Multifractal analysis of model fractal and multifractal signals

One of the topical directions of modern fractal radio physics is the multifractal analysis of signals and processes of various origins. A set of deterministic and stochastic models of monofractal and multifractal signals and processes in the time domain is proposed. New multifractal signal characteristics, namely, the coefficient of asymmetry of the multifractal spectrum function, the relative width of the multifractal spectrum and the dimension of the multifractal support, are introduced, the necessity of their use is demonstrated on examples. Using Wavelet Transform Modulus Maxima Method and Multi-Fractal Detrended Fluctuation Analysis Method, a detailed multifractal analysis of model signals is performed.

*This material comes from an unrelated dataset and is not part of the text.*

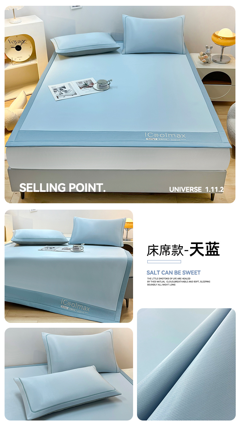 当前位置: 91家纺网 > 商品网购 > 床上用品 > 凉席 > 凉席套件 > 全季家居 2025新款5A抗菌ICE系列凉感冰丝席 天蓝 床席款
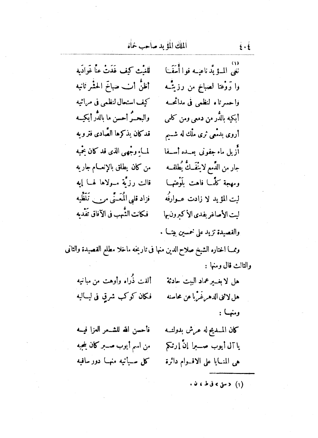 قال وموشحه السلطان رحمه الله نقصت عن موشحة ابن سنا الملك ما التزمه من القافيتين في الخرجة وهي الذال في كذا، والعين في معي، انتهى.

The features of multifractal analysis of monofractal, multifractal and non-fractal signals are established, the appropriate recommendations for practitioners are formulated. Convenient formats for presenting analysis results have been developed. It was found that during the transition of the multifractal signal to the monofractal regime, the function of the multifractal spectrum of the physical fractal does not collapse into a point, as it should happen in theory for a mathematical fractal. Threshold values of multifractal characteristics, which are indicators of the appearance of the monofractal, are proposed. It has been shown that multifractal analysis of non-fractal signals leads to the appearance of multifractal spectra with anomalous values of multifractal characteristics. The correction function method is modified for the methods of multifractal analysis of signals and processes. It is proved that its usage makes it possible to reduce the deviation of the obtained estimate of the generalized Hurst exponent from the true known value of the Hölder exponent of the analyzed signal from 5 – 90% to 3 – 8%.